Would you repeat the whole listing exactly?
=-=-=-=-=
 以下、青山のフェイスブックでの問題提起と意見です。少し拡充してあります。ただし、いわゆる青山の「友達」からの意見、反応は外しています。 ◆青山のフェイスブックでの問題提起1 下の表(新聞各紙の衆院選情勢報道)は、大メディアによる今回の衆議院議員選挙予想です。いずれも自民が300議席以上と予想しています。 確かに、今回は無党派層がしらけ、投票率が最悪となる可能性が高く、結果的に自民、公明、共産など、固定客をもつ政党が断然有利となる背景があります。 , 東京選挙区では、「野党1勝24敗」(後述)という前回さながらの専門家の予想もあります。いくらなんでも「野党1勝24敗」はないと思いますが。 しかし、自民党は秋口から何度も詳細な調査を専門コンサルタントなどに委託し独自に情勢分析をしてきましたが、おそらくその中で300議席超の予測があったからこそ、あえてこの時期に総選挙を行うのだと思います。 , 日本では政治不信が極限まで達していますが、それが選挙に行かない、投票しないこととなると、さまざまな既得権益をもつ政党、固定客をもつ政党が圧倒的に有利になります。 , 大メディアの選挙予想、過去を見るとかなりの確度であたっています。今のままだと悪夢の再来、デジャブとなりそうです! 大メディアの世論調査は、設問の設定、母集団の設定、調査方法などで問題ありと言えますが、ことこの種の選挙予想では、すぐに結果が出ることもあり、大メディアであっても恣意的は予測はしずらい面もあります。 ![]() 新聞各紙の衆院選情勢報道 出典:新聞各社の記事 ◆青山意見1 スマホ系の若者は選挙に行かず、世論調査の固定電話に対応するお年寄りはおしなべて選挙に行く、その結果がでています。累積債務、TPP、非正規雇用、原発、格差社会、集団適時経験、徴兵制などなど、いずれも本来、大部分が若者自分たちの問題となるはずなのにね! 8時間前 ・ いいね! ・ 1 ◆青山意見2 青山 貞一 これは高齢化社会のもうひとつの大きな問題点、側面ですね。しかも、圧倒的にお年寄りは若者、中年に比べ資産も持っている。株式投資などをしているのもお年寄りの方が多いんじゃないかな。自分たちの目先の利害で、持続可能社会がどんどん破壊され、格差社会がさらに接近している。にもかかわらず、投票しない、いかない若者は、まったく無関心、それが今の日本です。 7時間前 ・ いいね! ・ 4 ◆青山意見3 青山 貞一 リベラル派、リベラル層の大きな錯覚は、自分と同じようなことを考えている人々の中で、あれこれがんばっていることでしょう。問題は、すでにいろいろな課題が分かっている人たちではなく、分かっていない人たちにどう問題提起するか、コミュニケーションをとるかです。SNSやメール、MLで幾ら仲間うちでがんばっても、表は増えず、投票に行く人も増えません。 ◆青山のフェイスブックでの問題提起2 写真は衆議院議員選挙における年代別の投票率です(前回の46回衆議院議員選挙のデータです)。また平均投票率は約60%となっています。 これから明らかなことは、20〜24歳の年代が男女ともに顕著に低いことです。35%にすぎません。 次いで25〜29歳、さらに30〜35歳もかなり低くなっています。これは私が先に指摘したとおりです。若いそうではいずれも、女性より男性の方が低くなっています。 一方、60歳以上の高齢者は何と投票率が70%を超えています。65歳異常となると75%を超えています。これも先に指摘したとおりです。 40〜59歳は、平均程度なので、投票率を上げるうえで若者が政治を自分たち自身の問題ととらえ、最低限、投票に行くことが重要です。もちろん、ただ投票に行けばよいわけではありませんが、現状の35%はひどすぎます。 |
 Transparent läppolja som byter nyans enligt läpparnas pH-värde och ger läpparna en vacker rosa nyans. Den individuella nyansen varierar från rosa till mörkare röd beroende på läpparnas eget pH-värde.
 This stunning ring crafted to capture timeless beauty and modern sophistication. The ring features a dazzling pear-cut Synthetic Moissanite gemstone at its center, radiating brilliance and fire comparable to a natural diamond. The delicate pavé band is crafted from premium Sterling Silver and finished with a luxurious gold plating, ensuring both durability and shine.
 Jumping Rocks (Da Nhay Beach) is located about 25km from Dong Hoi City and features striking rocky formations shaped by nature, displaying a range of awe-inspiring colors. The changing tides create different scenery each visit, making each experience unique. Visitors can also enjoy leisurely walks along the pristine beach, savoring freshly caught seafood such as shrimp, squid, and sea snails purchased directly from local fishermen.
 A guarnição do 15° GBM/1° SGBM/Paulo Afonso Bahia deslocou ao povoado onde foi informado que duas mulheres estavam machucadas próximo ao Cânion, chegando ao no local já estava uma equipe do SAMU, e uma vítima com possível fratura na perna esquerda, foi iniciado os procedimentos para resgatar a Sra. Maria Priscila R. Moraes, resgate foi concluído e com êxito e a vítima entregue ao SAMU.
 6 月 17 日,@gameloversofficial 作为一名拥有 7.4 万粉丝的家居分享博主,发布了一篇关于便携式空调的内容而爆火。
=-=-=-=-=
RESULT OF THE TASK:
 以下、青山のフェイスブックでの問題提起と意見です。少し拡充してあります。ただし、いわゆる青山の「友達」からの意見、反応は外しています。 ◆青山のフェイスブックでの問題提起1 下の表(新聞各紙の衆院選情勢報道)は、大メディアによる今回の衆議院議員選挙予想です。いずれも自民が300議席以上と予想しています。 確かに、今回は無党派層がしらけ、投票率が最悪となる可能性が高く、結果的に自民、公明、共産など、固定客をもつ政党が断然有利となる背景があります。 , 東京選挙区では、「野党1勝24敗」(後述)という前回さながらの専門家の予想もあります。いくらなんでも「野党1勝24敗」はないと思いますが。 しかし、自民党は秋口から何度も詳細な調査を専門コンサルタントなどに委託し独自に情勢分析をしてきましたが、おそらくその中で300議席超の予測があったからこそ、あえてこの時期に総選挙を行うのだと思います。 , 日本では政治不信が極限まで達していますが、それが選挙に行かない、投票しないこととなると、さまざまな既得権益をもつ政党、固定客をもつ政党が圧倒的に有利になります。 , 大メディアの選挙予想、過去を見るとかなりの確度であたっています。今のままだと悪夢の再来、デジャブとなりそうです! 大メディアの世論調査は、設問の設定、母集団の設定、調査方法などで問題ありと言えますが、ことこの種の選挙予想では、すぐに結果が出ることもあり、大メディアであっても恣意的は予測はしずらい面もあります。 ![]() 新聞各紙の衆院選情勢報道 出典:新聞各社の記事 ◆青山意見1 スマホ系の若者は選挙に行かず、世論調査の固定電話に対応するお年寄りはおしなべて選挙に行く、その結果がでています。累積債務、TPP、非正規雇用、原発、格差社会、集団適時経験、徴兵制などなど、いずれも本来、大部分が若者自分たちの問題となるはずなのにね! 8時間前 ・ いいね! ・ 1 ◆青山意見2 青山 貞一 これは高齢化社会のもうひとつの大きな問題点、側面ですね。しかも、圧倒的にお年寄りは若者、中年に比べ資産も持っている。株式投資などをしているのもお年寄りの方が多いんじゃないかな。自分たちの目先の利害で、持続可能社会がどんどん破壊され、格差社会がさらに接近している。にもかかわらず、投票しない、いかない若者は、まったく無関心、それが今の日本です。 7時間前 ・ いいね! ・ 4 ◆青山意見3 青山 貞一 リベラル派、リベラル層の大きな錯覚は、自分と同じようなことを考えている人々の中で、あれこれがんばっていることでしょう。問題は、すでにいろいろな課題が分かっている人たちではなく、分かっていない人たちにどう問題提起するか、コミュニケーションをとるかです。SNSやメール、MLで幾ら仲間うちでがんばっても、表は増えず、投票に行く人も増えません。 ◆青山のフェイスブックでの問題提起2 写真は衆議院議員選挙における年代別の投票率です(前回の46回衆議院議員選挙のデータです)。また平均投票率は約60%となっています。 これから明らかなことは、20〜24歳の年代が男女ともに顕著に低いことです。35%にすぎません。 次いで25〜29歳、さらに30〜35歳もかなり低くなっています。これは私が先に指摘したとおりです。若いそうではいずれも、女性より男性の方が低くなっています。 一方、60歳以上の高齢者は何と投票率が70%を超えています。65歳異常となると75%を超えています。これも先に指摘したとおりです。 40〜59歳は、平均程度なので、投票率を上げるうえで若者が政治を自分たち自身の問題ととらえ、最低限、投票に行くことが重要です。もちろん、ただ投票に行けばよいわけではありませんが、現状の35%はひどすぎます。 |
 Transparent läppolja som byter nyans enligt läpparnas pH-värde och ger läpparna en vacker rosa nyans. Den individuella nyansen varierar från rosa till mörkare röd beroende på läpparnas eget pH-värde.
 This stunning ring crafted to capture timeless beauty and modern sophistication. The ring features a dazzling pear-cut Synthetic Moissanite gemstone at its center, radiating brilliance and fire comparable to a natural diamond. The delicate pavé band is crafted from premium Sterling Silver and finished with a luxurious gold plating, ensuring both durability and shine.
 Jumping Rocks (Da Nhay Beach) is located about 25km from Dong Hoi City and features striking rocky formations shaped by nature, displaying a range of awe-inspiring colors. The changing tides create different scenery each visit, making each experience unique. Visitors can also enjoy leisurely walks along the pristine beach, savoring freshly caught seafood such as shrimp, squid, and sea snails purchased directly from local fishermen.
 A guarnição do 15° GBM/1° SGBM/Paulo Afonso Bahia deslocou ao povoado onde foi informado que duas mulheres estavam machucadas próximo ao Cânion, chegando ao no local já estava uma equipe do SAMU, e uma vítima com possível fratura na perna esquerda, foi iniciado os procedimentos para resgatar a Sra. Maria Priscila R. Moraes, resgate foi concluído e com êxito e a vítima entregue ao SAMU.
 6 月 17 日,@gameloversofficial 作为一名拥有 7.4 万粉丝的家居分享博主,发布了一篇关于便携式空调的内容而爆火。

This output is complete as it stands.